Description of the task :: After locating the line with "Tethered for safety" below, output it and each following line exactly, stopping after the line with "Green River Covered". No pictures.

Records from a data collection
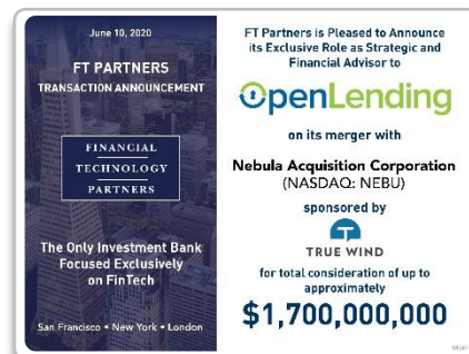
Open Lending's Merger with Nebula Acquisition Corp.
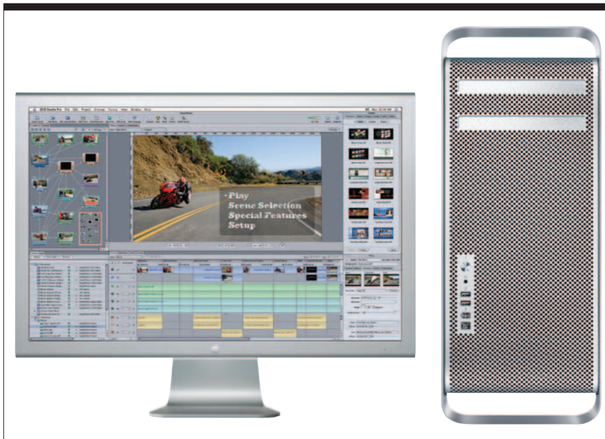
THE FINAL CUT PRO STUDIO 2 SUITE INCLUDES DVD STUDIO PRO FOR AUTHORIZING AND DESIGNING DVDS.

It is the NABC's hope that the FCC will realize the important role that professionally produced VNRs play in the newsroom and cancel the penalties it imposed on Comcast. If that action is taken by the FCC, it will allow TV stations across the country to air segments of VNRs without fear of repercussions. Stay tuned for more updates as this situation evolves.
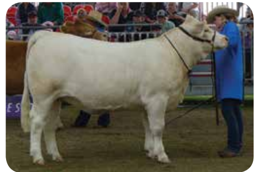
Dam: Venturon Mariah at 18 months

VENTURON KEYSTONE (VE7 K14E) (P) D: VENTURON MARIAH (VE7 M59E) (P) VENTURON JESSIE (VE7 J22E) (P)
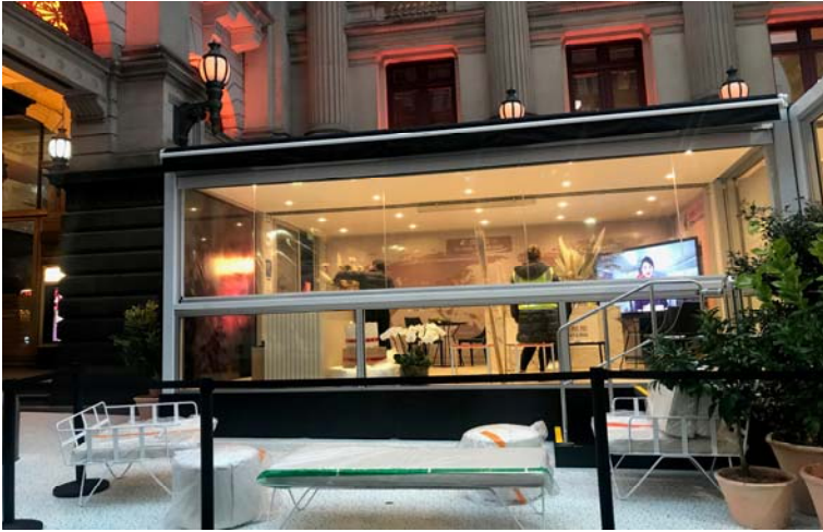
China Eastern pop-up during Melbourne Fashion Week.
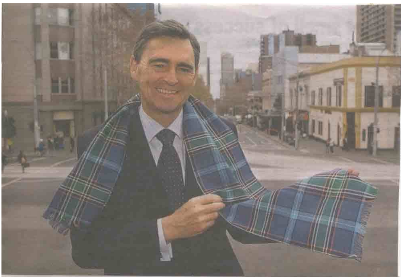
Tartan up the state: Premier John Brumby models the state's new tartan.
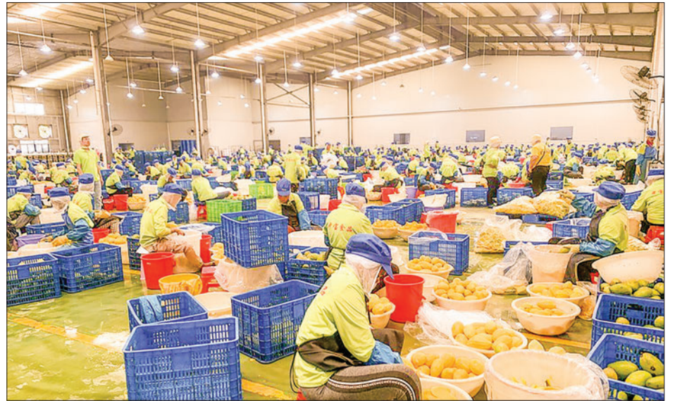
Workers slice ripe mangoes at the Zhong Bao (Cambodia) Food Science & Technology Co., Ltd in Kampong Speu province, Cambodia on 7 March 2023.

Key agricultural items for exports included rice, rubber, cassava, mangoes, fresh bananas, pepper, cashew nuts, longan, corn, and palm oil, among others.
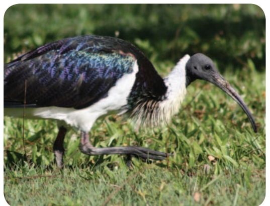
Name: Straw-necked Ibis ( Threskiornis spinicollis ) Size (height): 59-76cm
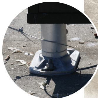
Tethered for safety
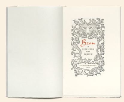
5. Bzou: A Tale from the French
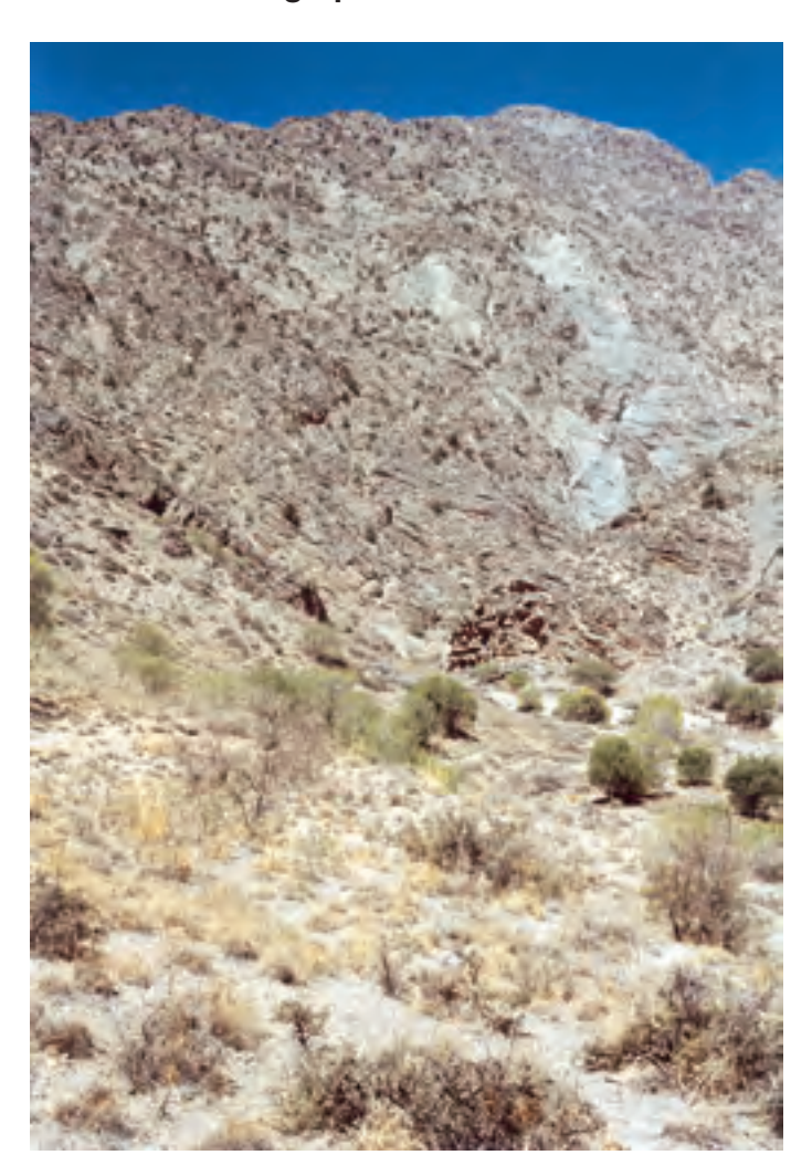
Hazarganji-Chiltan National Park, near Quetta
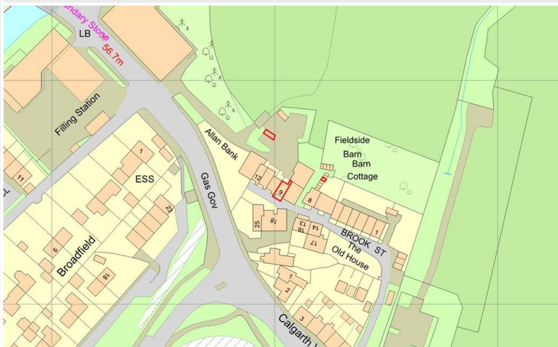
Ordnance Survey Ref: 01109053
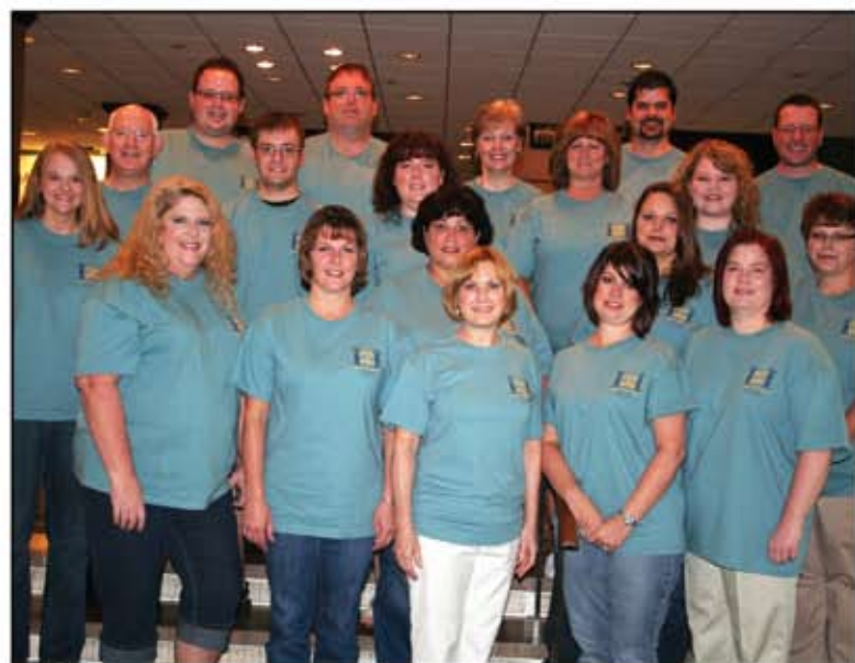
Class of 2011
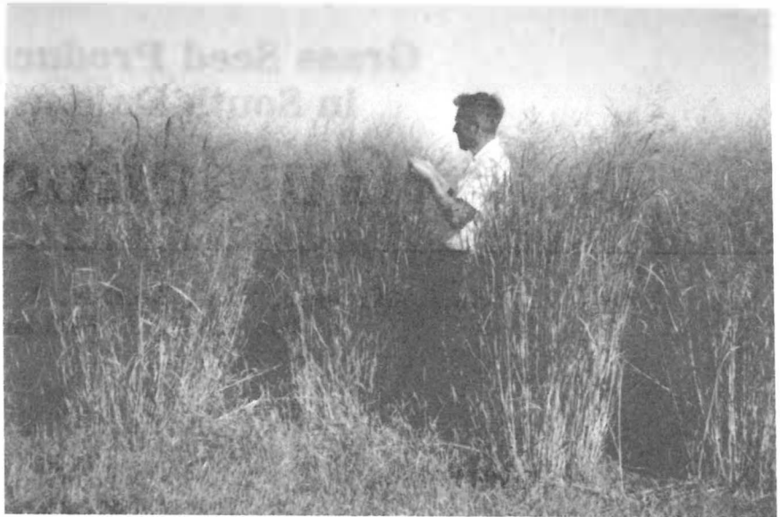
Fig 1. Grass that will be combined and marketed will give higher yields when planted in rows.

criterion in determining row spacing. Irrigation may allow 9- to 18-inch row spacing, depending upon the grass species.
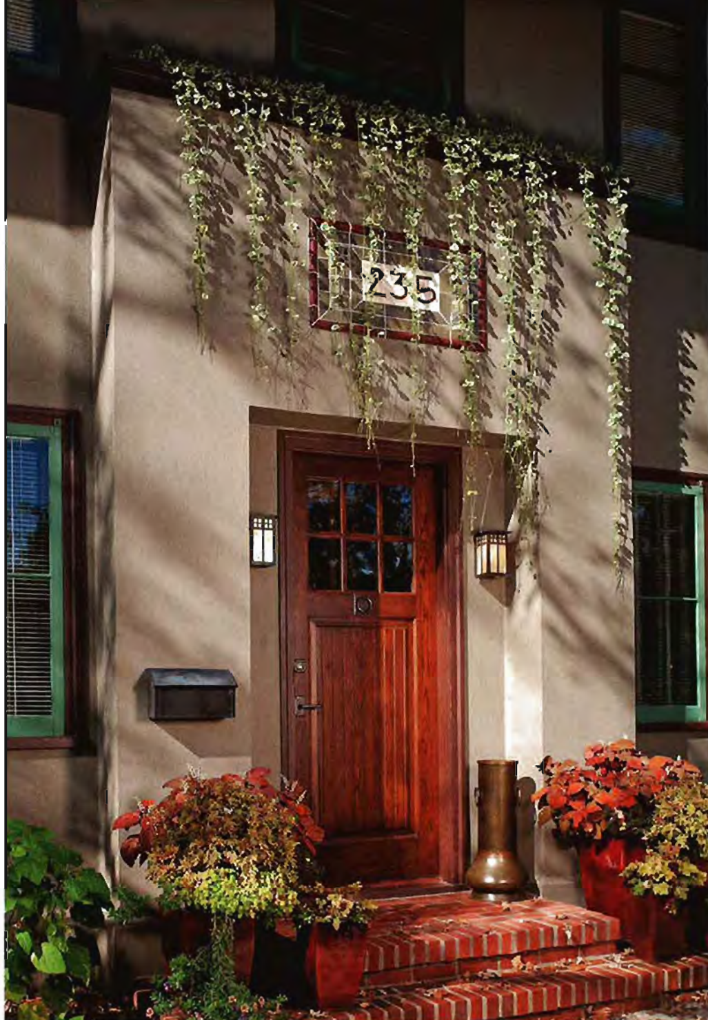
RIGHT: A bump-out accentuates the front entry, now handsomely restored and embellished with period accents BELOW: The Limbert chair holds a "Forget Me Not" pillow made from antique embroidery.
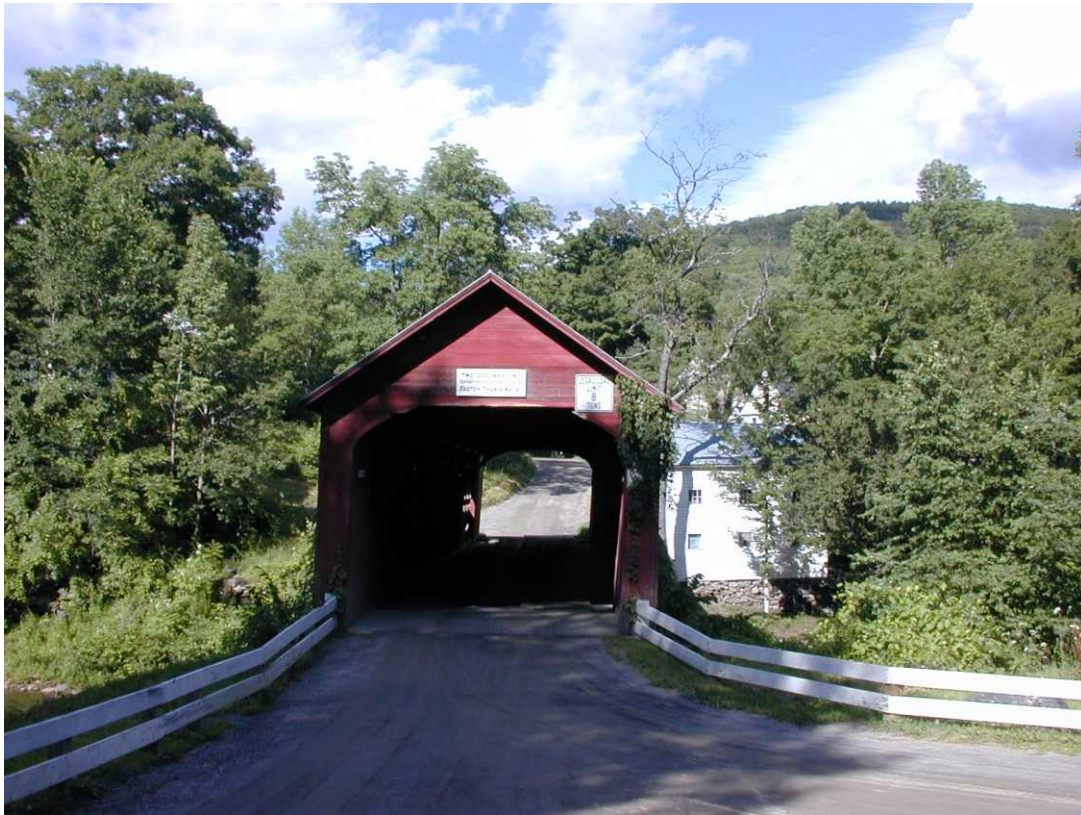
Green River Covered Bridge and Jane Seymour's house, Green River Vermont. Samples below.
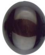
Black Star Sapphire
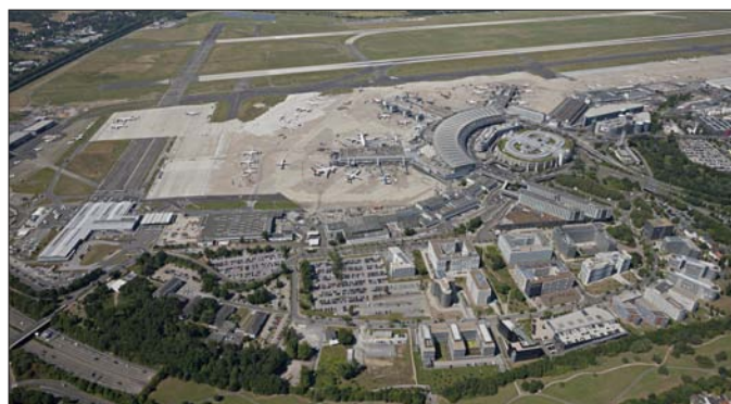
Aerial view on Düsseldorf Airport City (right) and en detail the office building Panta Rhei (left) owned by Immofinanz.

(Österreichische Bundesbahnen, Austrian Federal Railways), securing not only quick connections to Vienna Main Station but also offering direct trains to Linz, Klagenfurt and Salzburg. Like in Frankfurt also in Vienna the direct and completely covered access to the long distance railway station is augmenting the attractiveness of the airport city.
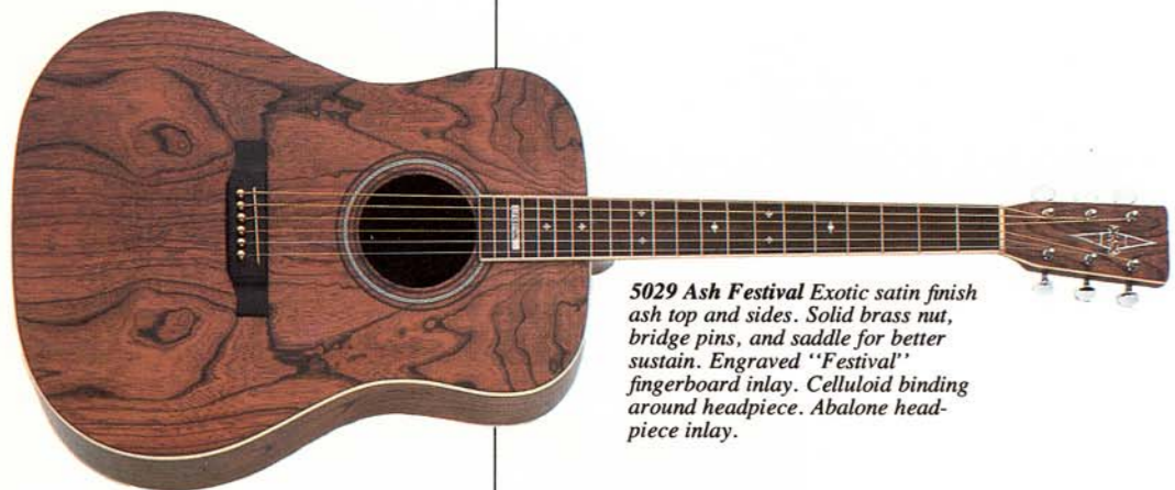
5029 Ash Festival Exotic satin finish ash top and sides. Solid brass nut, bridge pins, and saddle for better sustain. Engraved "Festival" fingerboard inlay. Celluloid binding around headpiece. Abalone headpiece inlay.

Expected output ::
Tethered for safety
5. Bzou: A Tale from the French
Hazarganji-Chiltan National Park, near Quetta
Ordnance Survey Ref: 01109053
Class of 2011
Fig 1. Grass that will be combined and marketed will give higher yields when planted in rows.

criterion in determining row spacing. Irrigation may allow 9- to 18-inch row spacing, depending upon the grass species.
RIGHT: A bump-out accentuates the front entry, now handsomely restored and embellished with period accents BELOW: The Limbert chair holds a "Forget Me Not" pillow made from antique embroidery.
Green River Covered Bridge and Jane Seymour's house, Green River Vermont. Samples below.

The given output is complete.